O turismo se espalha por Jamaica, Costa Rica, Peru, Holanda e estados americanos onde as experiências são legalizadas com fins recreativos e terapêuticos

Por Caio Saad, Camille Mello 24 jul 2022, 08h00

Há quem viaje ao México para visitar resquícios de antigas civilizações, abrangendo um leque espetacular de pirâmides, e imergir nas cristalinas e tranquilas águas do Caribe. Mas outra rota bem diferente se descortina por ali, um tipo de turismo que começa a despontar também em outros cantos do planeta. Ao norte da atribulada Riviera Maia, a americana Holly Hollingsworth dispensou toda aquela beleza cultural e natural para mergulhar em uma viagem, com o perdão do trocadilho, bem distinta: passou uma semana no resort The Buena Vida, onde embarcou em uma experiência psicodélico-espiritual embasada no consumo de cogumelos. A estada foi tão intensa que encontrou por lá um caminho para apaziguar sua ansiedade e depressão, que resistiam a todos os tratamentos. “O retiro fez com que eu me voltasse para mim mesma. Foi uma experiência de outro mundo”, relatou a VEJA, na linguagem típica dos convertidos.

Assim como o Buena Vida, que se apresenta como “uma aventura segura e sem riscos dentro da região mais mística do universo — seu eu interior” —, hotéis luxuosos voltados para a experiência com substâncias psicoativas como a psilocibina, extraída de cogumelos alucinógenos, e a ayahuasca, bebida feita a partir da mistura de variadas espécies do cipó, estão se espalhando por Jamaica, Costa Rica, Peru, Holanda e estados americanos, onde elas são legalizadas com fins recreativos e terapêuticos. Com paisagens exuberantes e muita tranquilidade, o Buena Vida, inaugurado em 2019, oferece, além das cerimônias com psilocibina, sessões de ioga, meditação, massagem, reiki e musicoterapia em dependências luxuosas espalhadas por uma área de 6 000 metros quadrados à beira-mar. O custo do pacote all inclusive para programações de, em média, sete dias varia de 3 000 a 15 000 dólares para cada um dos quinze participantes. O resort também atende grupos privados e promove retiros de casais. “Isso é para aqueles que buscam experiências de cura mais profundas e íntimas”, explica Amanda Schendel, fundadora do Buena Vida.

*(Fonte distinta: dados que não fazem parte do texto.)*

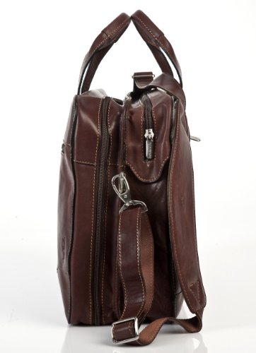 -. Feature : Made from Full Grain Italian Cow Hide Leather. Vegetable tanned for greater durability, texture and feel. Leather is soft to the touch with a matted grain finish. / Front interior compartment is 36" zip around and features laptop sleeve that holds up to 17" Laptops. Back interior compartment features a divider, mesh zippered compartment, three(3) organizational pouches, and a large interior zippered compartment. / Front exterior expandable zippered pocket with three(3) credit and business card holders, three(3) pen holders, and two(2) stationary pockets. Features top exterior open pocket for easy access. Double top carry handles. Rear large zippered compartment for documents, magazines or small books. / Comes with 1" thick detachable and adjustable padded shoulder strap. Comes in signature Tony Perotti lint bag for storage. Interior pigskin lining. / Dimensions: Exterior 16.25"(L) x 11.5"(H) x 5.5"(W) Interior: 16"(L) x 11"(H) x 2.5"(W)- each compartment. Weight: 5.5 Lbs. Available Colors: Black, Brown. Comes with Limited Lifetime Warranty
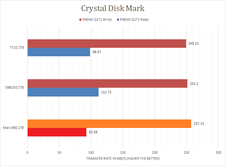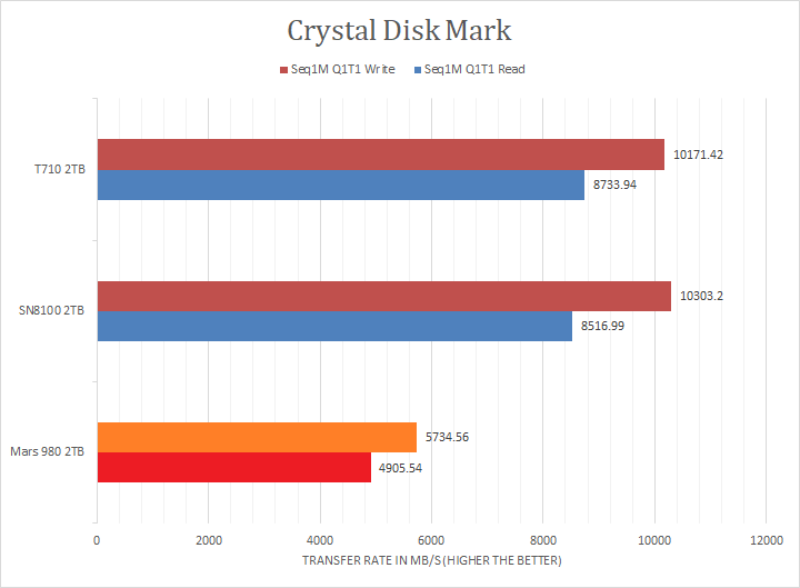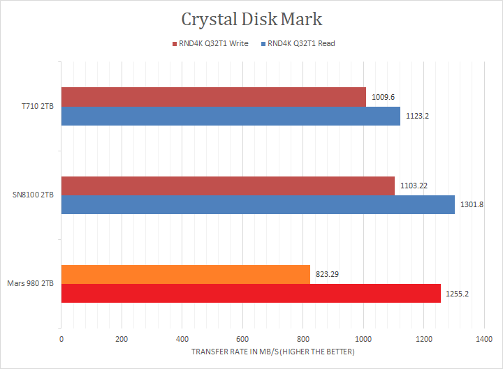 XPG claims the Mars 980 Blade's maximum read and maximum write are pinned at 14,000MB/s and 13,000MB/s, respectively. Looking at the linear read and write results, the tested numbers were reasonably close compared to the advertised numbers. The PCIe 5.0 NVMe-based drivers were all close to each other, but the Sandisk and Crucial drives had a slight edge when it came to write. The XPG drive seemed to have issues catching up in the Seq1M Q1T1 sections, coming in at almost half the score. In the RND4K benchmarks, the the Mars 980 Blade was strong other than Q32T1 write. Overall, the XPG Mars 980 Blade 2TB was a mostly strong, but somewhat inconsistent, performer in the context of other flagship PCIe 5.0-based NVMe SSDs. I will let you make your own comparisons on our list of NVMe SSDs in the graphs above.

A expansão desse gênero de turismo, que atrai um eclético público, é resultado do polimento, nos últimos tempos, da imagem das substâncias naturais psicodélicas. Há indício do uso delas desde os primórdios da humanidade, passando por Egito e Grécia e os loucos anos de 1960 — até, na década seguinte, serem proibidas na cruzada antidrogas liderada pelo governo Nixon, nos Estados Unidos, que reverberou mundo afora. Seu atual retorno na trilha dos resorts tem relação direta com pesquisas científicas, conduzidas por prestigiadas instituições, que atestam seus efeitos positivos no tratamento de distúrbios psíquicos como estresse pós-traumático, transtorno obsessivo-compulsivo, ansiedade e depressão. Em relação a este mal, o próprio FDA, a agência reguladora de saúde americana, divulgou resultados bastante auspiciosos. “Percebo no consultório um nítido aumento do interesse dos pacientes por essas substâncias, que hoje só são permitidas no Brasil em rituais religiosos e estudos acadêmicos”, afirma a psiquiatra Débora Tavares, que integra justamente o grupo de pesquisa da Associação Psicodélica do Brasil.

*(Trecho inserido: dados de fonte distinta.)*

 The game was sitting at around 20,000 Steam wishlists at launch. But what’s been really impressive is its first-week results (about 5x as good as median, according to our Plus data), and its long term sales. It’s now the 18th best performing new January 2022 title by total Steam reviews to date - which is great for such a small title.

FEITO EM CASA - Os cogumelos do MycoMeditations, na Jamaica: cerimônias de até seis horas monitoradas por “facilitadores” e relaxamento à beira-mar (à esq.) -
FEITO EM CASA - Os cogumelos do MycoMeditations, na Jamaica: cerimônias de até seis horas monitoradas por “facilitadores” e relaxamento à beira-mar (à esq.) – (@thebuenavida/Facebook; The buena vida/.)

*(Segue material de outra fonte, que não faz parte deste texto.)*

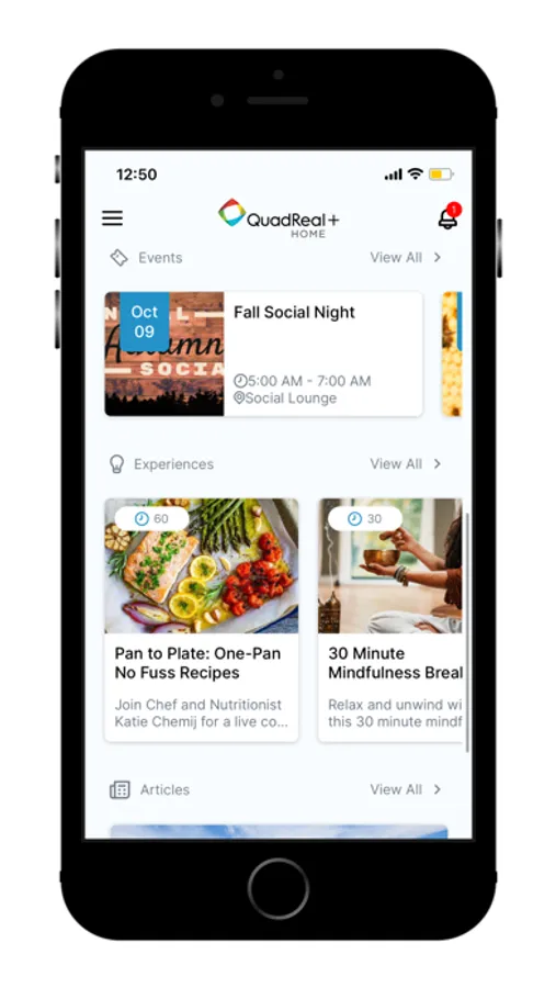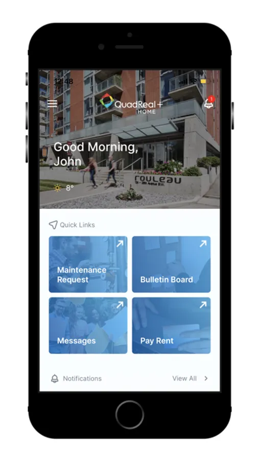 The QuadReal+ Home app provides residents with a digital tool to manage all needs in their apartment. We have built the app to provide our residents with access to all building information and tools within the palm of your hand. Whether you are looking to make a maintenance request, book an elevator or communicate with your community team- we have you covered. Our mobile app provides you with an easy to use platform to manage your residence digitally, making your living experience more accessible from wherever you are. Register today with your phone number or email and start your journey with QuadReal+ Home today.

Pioneiro no ramo, o MycoMeditations, na Jamaica, em atividade desde 2015, recebe 600 hóspedes por ano nas programações mensais de uma semana para doze pessoas. O cronograma envolve médicos, psicólogos e “guias”, que monitoram os participantes para prevenir riscos. “A maior parte dos clientes vem dos Estados Unidos e da Europa, mas a presença de brasileiros é cada vez maior”, observa o diretor-executivo, Justin Townsend. Além das sessões com “cogumelos mágicos” — no caso, cultivados no próprio resort —, o pacote inclui terapia diária em grupo e individual, todas as refeições, sessões de massagem e acompanhamento com terapeutas pós-retiro. Nos Estados Unidos, os resorts espirituais se concentram em cidades como Santa Cruz, na Califórnia, e Denver, no Colorado, onde a psilocibina foi descriminalizada.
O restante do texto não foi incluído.